_Your objective_: Copy exactly the lines of the data below, beginning with the line with "Pleistodontes froggatti is" and ending with the line with "Camat Kampar Utara". Pictures are to be omitted.

_Data provided_:
================================

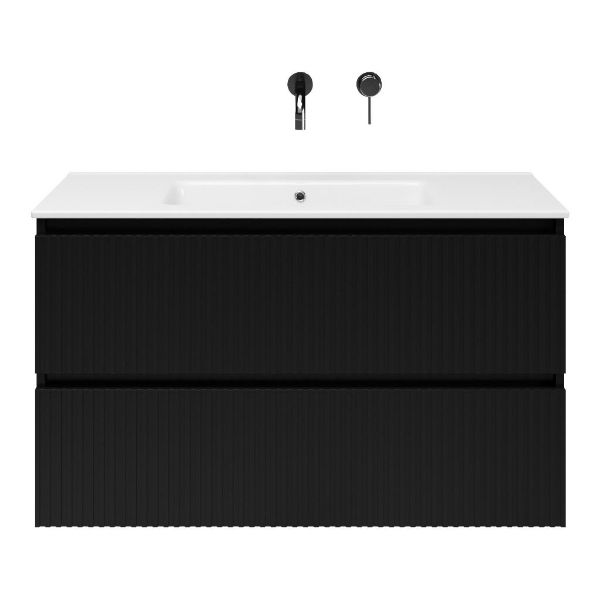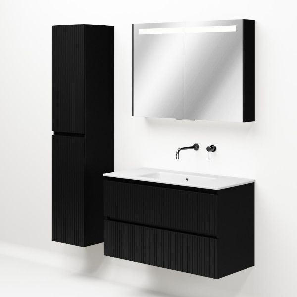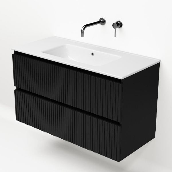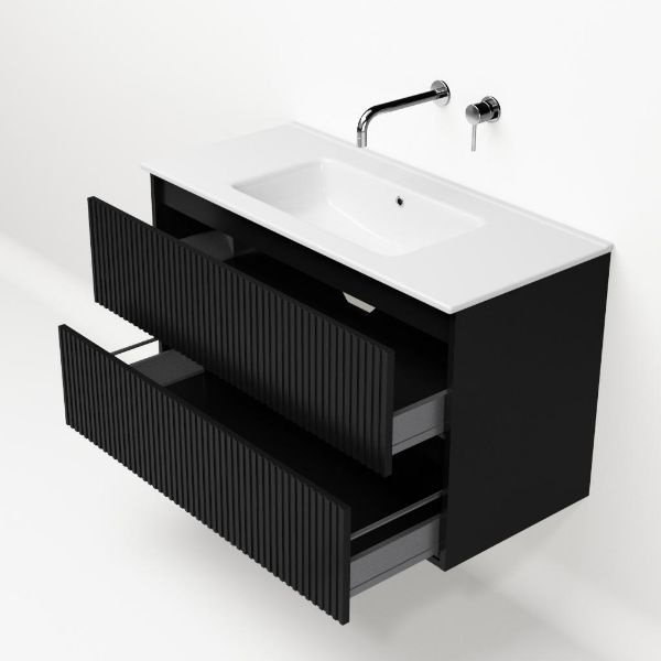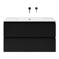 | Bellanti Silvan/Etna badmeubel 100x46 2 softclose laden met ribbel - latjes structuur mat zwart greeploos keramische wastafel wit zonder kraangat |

================================

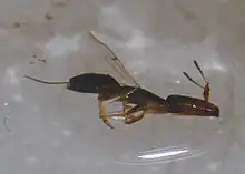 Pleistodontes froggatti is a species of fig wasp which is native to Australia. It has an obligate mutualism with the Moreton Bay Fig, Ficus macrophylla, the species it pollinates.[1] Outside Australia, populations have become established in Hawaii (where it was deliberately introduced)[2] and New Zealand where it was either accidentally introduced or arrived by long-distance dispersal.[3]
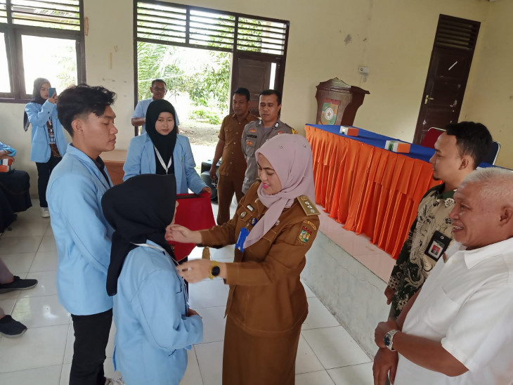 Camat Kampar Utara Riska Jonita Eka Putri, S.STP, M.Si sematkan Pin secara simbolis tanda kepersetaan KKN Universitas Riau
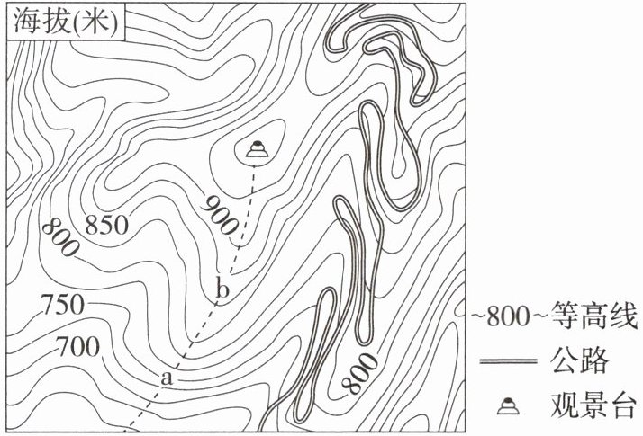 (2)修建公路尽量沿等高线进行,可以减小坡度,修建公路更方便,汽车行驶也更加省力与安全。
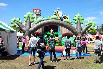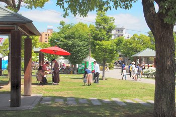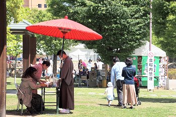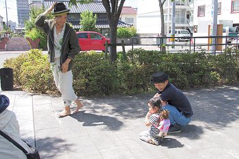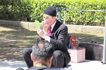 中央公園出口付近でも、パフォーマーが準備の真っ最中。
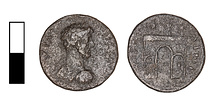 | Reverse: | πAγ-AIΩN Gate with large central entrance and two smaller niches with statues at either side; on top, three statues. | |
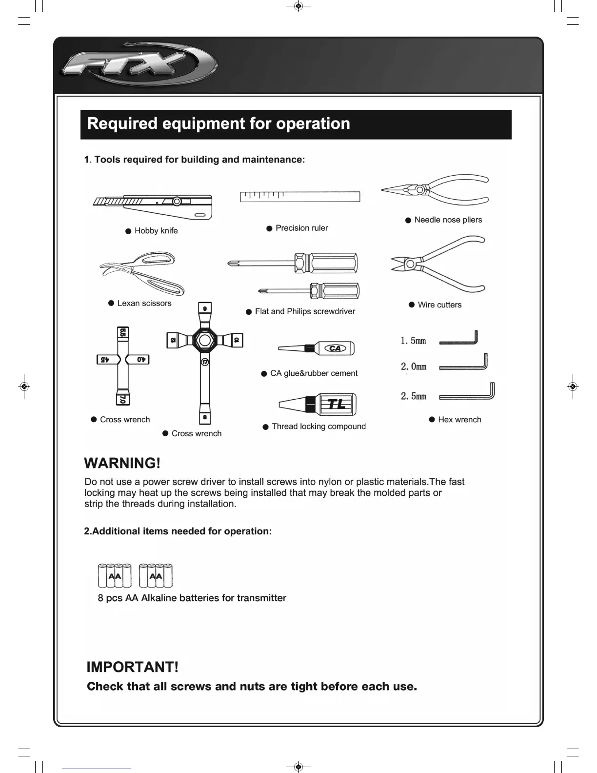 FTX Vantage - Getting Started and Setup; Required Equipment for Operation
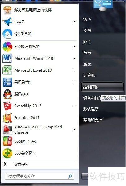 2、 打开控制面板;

================================

_Reply_:
 Pleistodontes froggatti is a species of fig wasp which is native to Australia. It has an obligate mutualism with the Moreton Bay Fig, Ficus macrophylla, the species it pollinates.[1] Outside Australia, populations have become established in Hawaii (where it was deliberately introduced)[2] and New Zealand where it was either accidentally introduced or arrived by long-distance dispersal.[3]
 Camat Kampar Utara Riska Jonita Eka Putri, S.STP, M.Si sematkan Pin secara simbolis tanda kepersetaan KKN Universitas Riau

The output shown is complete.